Exercise instructions → Once you find the line containing "Det här är det" in the data below, copy it and each following line exactly, up to and including the line containing "Magnificent custom-built 8,000", and nothing else.

Records to process →

■ ■ ■

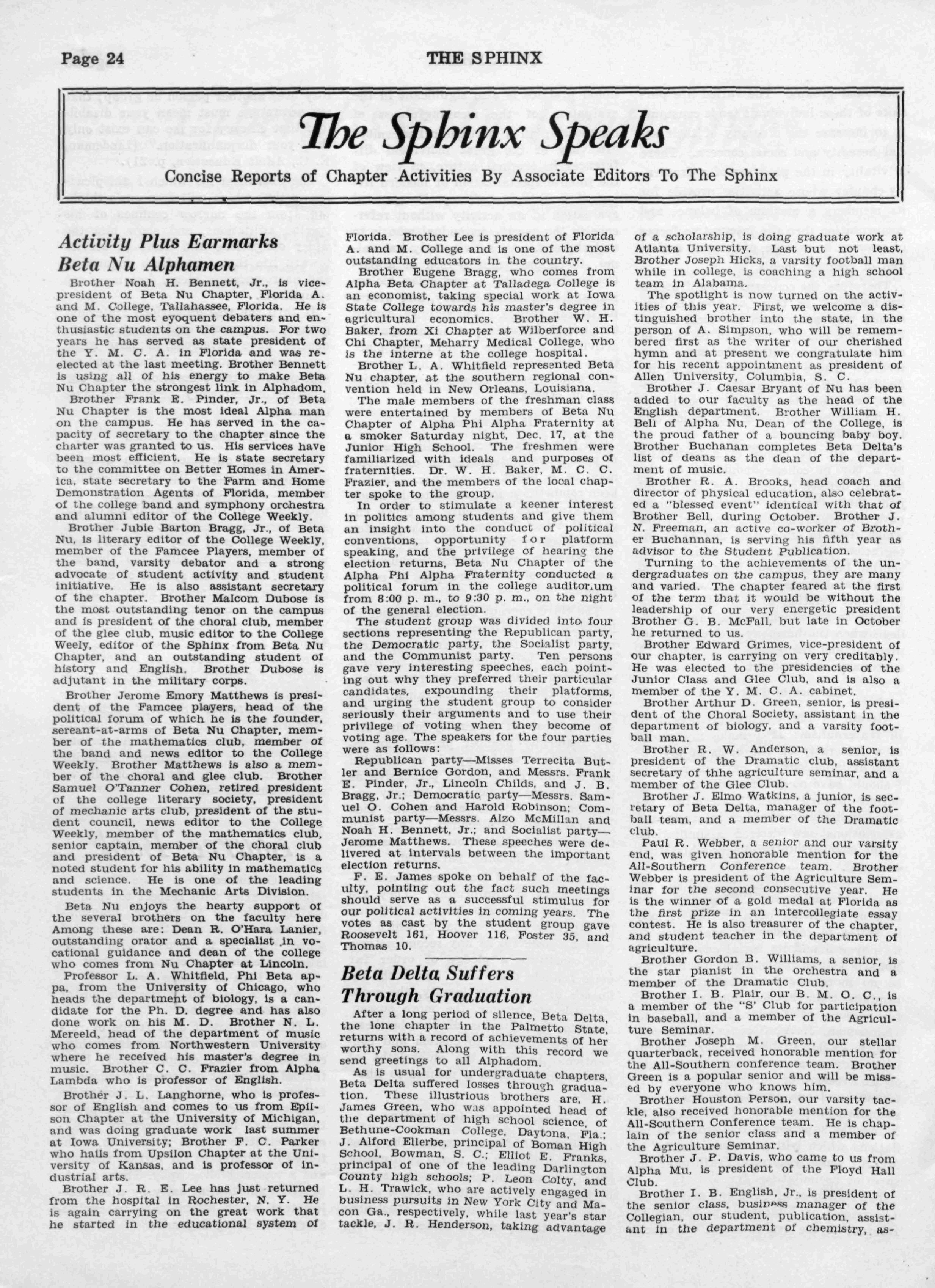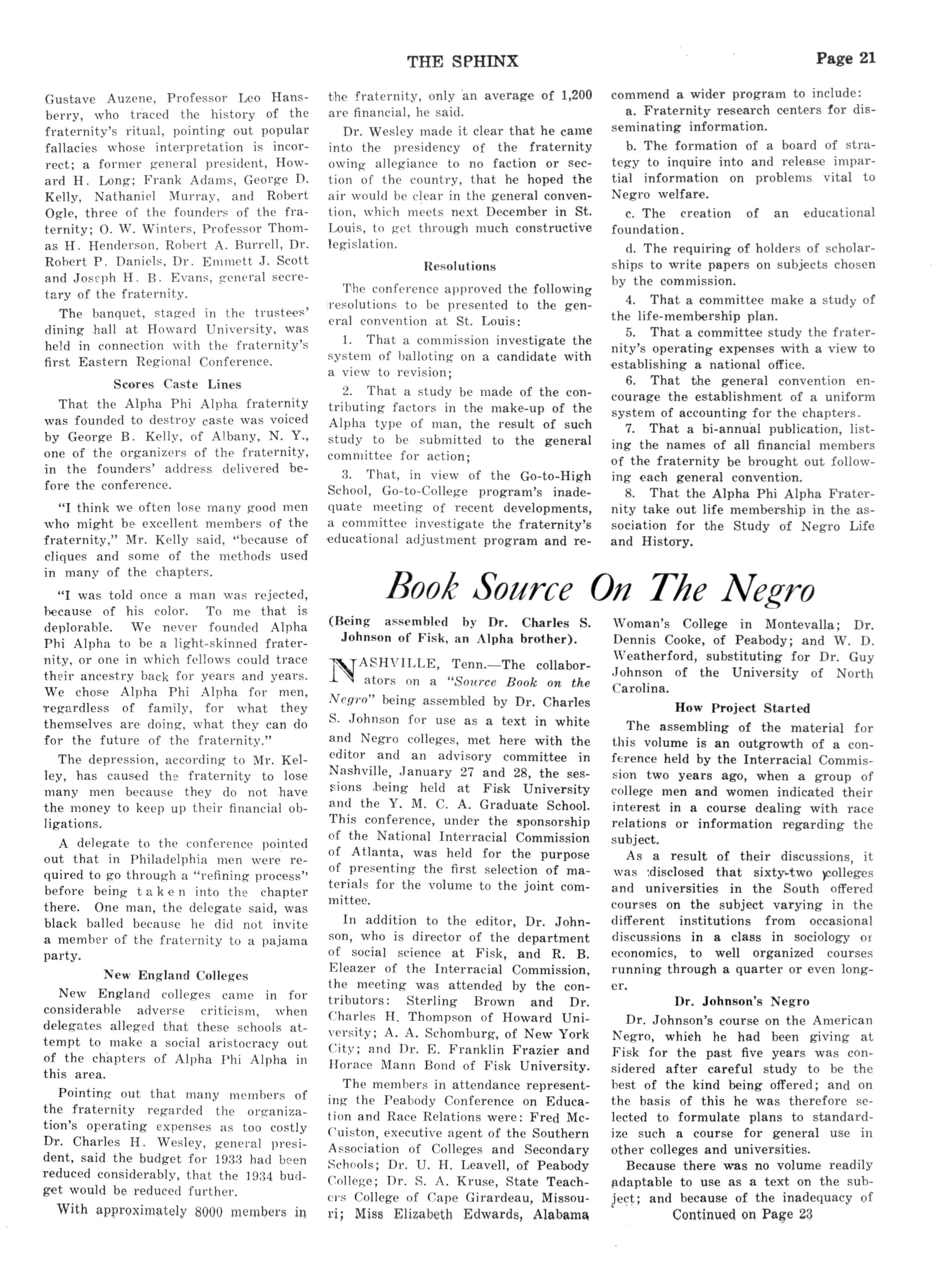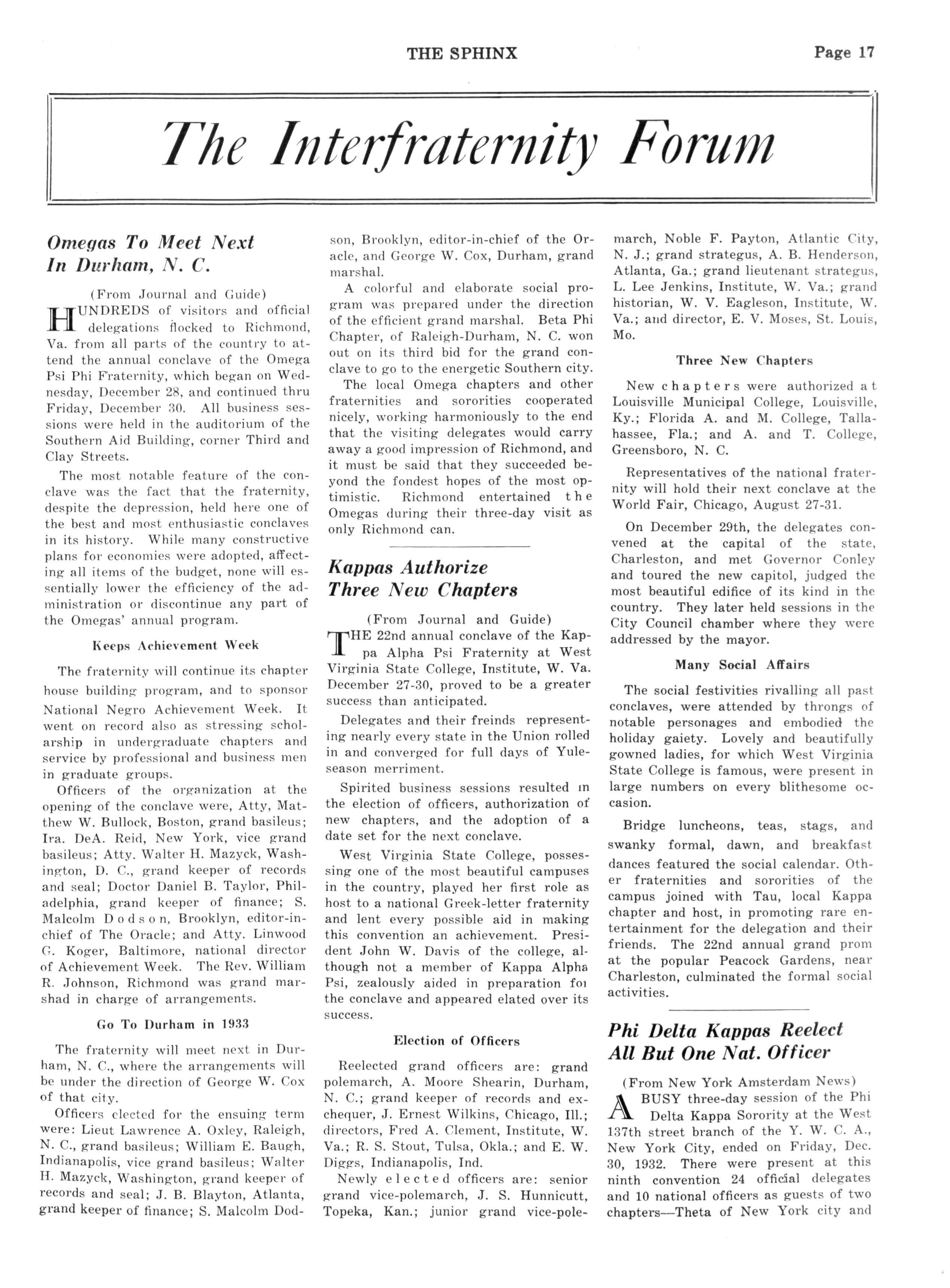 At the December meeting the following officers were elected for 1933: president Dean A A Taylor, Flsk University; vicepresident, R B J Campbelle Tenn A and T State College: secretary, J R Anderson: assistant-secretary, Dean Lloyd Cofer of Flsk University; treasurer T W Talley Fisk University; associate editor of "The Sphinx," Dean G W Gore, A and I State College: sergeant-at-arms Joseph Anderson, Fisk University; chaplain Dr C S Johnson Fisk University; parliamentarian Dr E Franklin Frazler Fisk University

■ ■ ■

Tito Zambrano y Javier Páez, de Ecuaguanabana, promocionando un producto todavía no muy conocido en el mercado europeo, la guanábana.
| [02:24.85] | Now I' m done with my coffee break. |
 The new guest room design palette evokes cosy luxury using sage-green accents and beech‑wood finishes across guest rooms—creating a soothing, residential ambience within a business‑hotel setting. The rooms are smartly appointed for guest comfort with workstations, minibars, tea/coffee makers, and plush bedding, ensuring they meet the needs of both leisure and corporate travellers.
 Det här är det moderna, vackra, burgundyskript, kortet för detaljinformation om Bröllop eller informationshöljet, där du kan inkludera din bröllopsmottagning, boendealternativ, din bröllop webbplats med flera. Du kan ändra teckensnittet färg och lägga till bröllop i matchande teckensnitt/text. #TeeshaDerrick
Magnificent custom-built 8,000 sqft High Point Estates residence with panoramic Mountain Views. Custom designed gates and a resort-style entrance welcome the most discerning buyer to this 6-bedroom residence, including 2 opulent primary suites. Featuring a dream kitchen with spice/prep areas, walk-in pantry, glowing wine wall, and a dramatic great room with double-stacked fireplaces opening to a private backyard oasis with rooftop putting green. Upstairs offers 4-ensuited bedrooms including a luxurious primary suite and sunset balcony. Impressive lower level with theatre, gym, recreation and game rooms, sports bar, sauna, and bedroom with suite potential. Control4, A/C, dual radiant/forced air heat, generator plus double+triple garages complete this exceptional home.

■ ■ ■

Problem solution →
 Det här är det moderna, vackra, burgundyskript, kortet för detaljinformation om Bröllop eller informationshöljet, där du kan inkludera din bröllopsmottagning, boendealternativ, din bröllop webbplats med flera. Du kan ändra teckensnittet färg och lägga till bröllop i matchande teckensnitt/text. #TeeshaDerrick
Magnificent custom-built 8,000 sqft High Point Estates residence with panoramic Mountain Views. Custom designed gates and a resort-style entrance welcome the most discerning buyer to this 6-bedroom residence, including 2 opulent primary suites. Featuring a dream kitchen with spice/prep areas, walk-in pantry, glowing wine wall, and a dramatic great room with double-stacked fireplaces opening to a private backyard oasis with rooftop putting green. Upstairs offers 4-ensuited bedrooms including a luxurious primary suite and sunset balcony. Impressive lower level with theatre, gym, recreation and game rooms, sports bar, sauna, and bedroom with suite potential. Control4, A/C, dual radiant/forced air heat, generator plus double+triple garages complete this exceptional home.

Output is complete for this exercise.